Google’s Official Position on Campaign Consolidation

▼ Summary
– Campaign consolidation is not an end goal, but a means to achieve equal or better performance with less granularity due to modern AI and Smart Bidding.
– Legacy, highly segmented account structures were rational for manual control but can now limit performance by diluting data and slowing automated systems.
– Control still exists in consolidated structures; it simply represents a different, required mindset shift for PPC professionals.
– Segmentation remains valid when it reflects actual business operations, such as distinct budgets, objectives, or regional splits, not just outdated best practices.
– A measured approach to restructuring is advised, starting with evaluating splits based on current business logic, with a benchmark of 15 conversions over 30 days to inform decisions.
Google’s official stance on campaign consolidation clarifies that the primary objective is achieving equal or superior performance with less account complexity, not consolidation for its own sake. This perspective, shared by a senior product director, addresses a major point of debate among paid search professionals. The evolution of automated bidding and AI systems has fundamentally changed the relationship between granular account structures and effective campaign management.
During a recent podcast, Brandon Ervin, Director of Product Management for Search Ads, explained that the highly detailed campaign builds of the past were entirely rational. For years, strategies like match type segmentation, tightly themed ad groups, and regional splits provided essential control in a more manual advertising environment. However, he noted that the advanced capabilities of modern Smart Bidding and AI have shifted this dynamic. The technology can now often outperform manual segmentation, meaning the very structures that once boosted performance might now be holding it back.
A critical point Ervin emphasized is that consolidation does not equate to a loss of control. Instead, the nature of that control has evolved. Advertisers now exercise influence through different levers, such as setting the right conversion goals, crafting compelling ad creatives, and establishing robust audience signals, rather than micromanaging every individual keyword and bid. This requires a significant mindset shift for many seasoned marketers.
This doesn’t mean all segmentation is obsolete. Ervin was clear that campaign structure should directly reflect how a business operates. Distinct segmentation remains valuable and necessary in specific scenarios. Examples include managing completely separate product lines with independent budgets, supporting different core business objectives that need unique targets, or mirroring genuine regional operational divisions. The intent behind the structure is what matters. If a campaign split supports a real business decision, reporting need, or operational reality, it is justified.
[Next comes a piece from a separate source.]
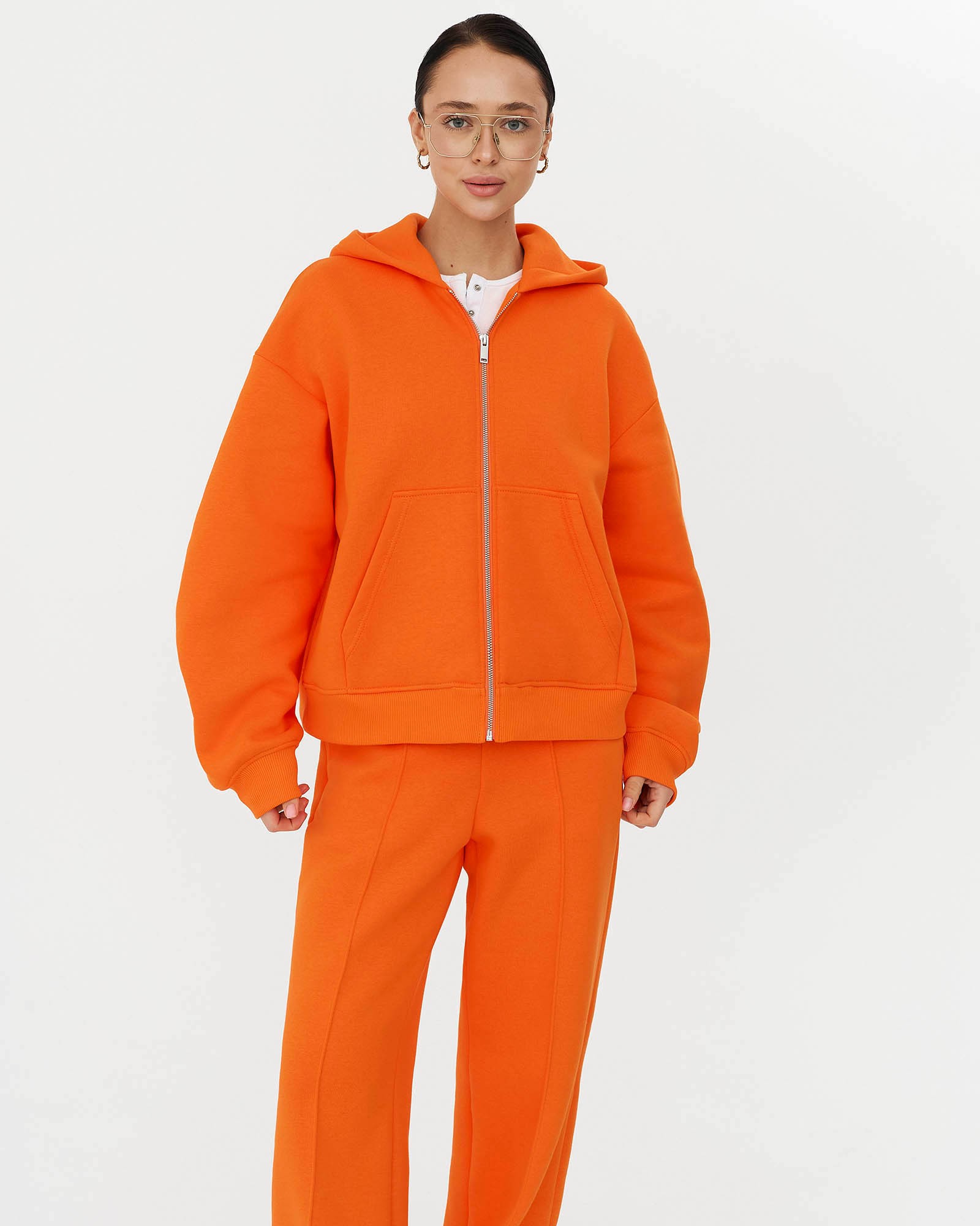 Однотонне худі із застібкою на блискавку та капюшоном. Модель з опущеними плечовими швами, довгими рукавами, накладними кишенями спереду та...

If it exists solely because it was considered a best practice years ago, it may now be creating unnecessary friction.
For those wondering how to gauge if they have consolidated sufficiently, Ervin provided a practical benchmark: aiming for at least 15 conversions in a 30-day period for effective machine learning. This volume does not need to come from a single campaign; using shared budgets or portfolio bidding strategies can aggregate data across multiple campaigns to reach this threshold. The core question to ask is whether your current segmentation is diluting conversion data and slowing down the bidding algorithms’ ability to learn and optimize.
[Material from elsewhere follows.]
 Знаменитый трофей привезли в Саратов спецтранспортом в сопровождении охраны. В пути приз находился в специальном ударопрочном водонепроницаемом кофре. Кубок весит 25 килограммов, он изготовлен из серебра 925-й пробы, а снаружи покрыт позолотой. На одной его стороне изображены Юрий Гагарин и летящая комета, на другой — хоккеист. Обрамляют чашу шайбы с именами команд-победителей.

This guidance is impactful because granularity has long been synonymous with PPC expertise. Many professionals, including the author, built careers on meticulously segmented accounts, using structures like Single Keyword Ad Groups (SKAGs) to control spending on high-volume terms. What changed this perspective was witnessing firsthand how legacy segmentation could fragment data and impede the learning process of automated systems, particularly in accounts with lower overall conversion volume. In several cases, thoughtful consolidation led to more stable and sometimes improved performance, demonstrating that a “perfectly built” old-school structure could actually limit results by spreading data too thin.
Adopting this new approach can be uncomfortable, requiring practitioners to unlearn deeply ingrained habits. However, the principle is not that consolidation is universally correct, but that account architecture must be tied directly to contemporary business logic, not to historical platform best practices.
For teams considering structural changes, a gradual, measured approach is advised. Drastic overnight overhauls can introduce significant risk and performance volatility. A more strategic method involves first identifying splits that clearly align with current budgets, reporting, and business priorities. Then, evaluate segments that exist primarily due to outdated conventions. In some instances, consolidation will strengthen data signals and lead to more consistent bidding. In others, maintaining separation will remain the right choice. The essential step is to be intentional about the purpose behind every layer of your account structure.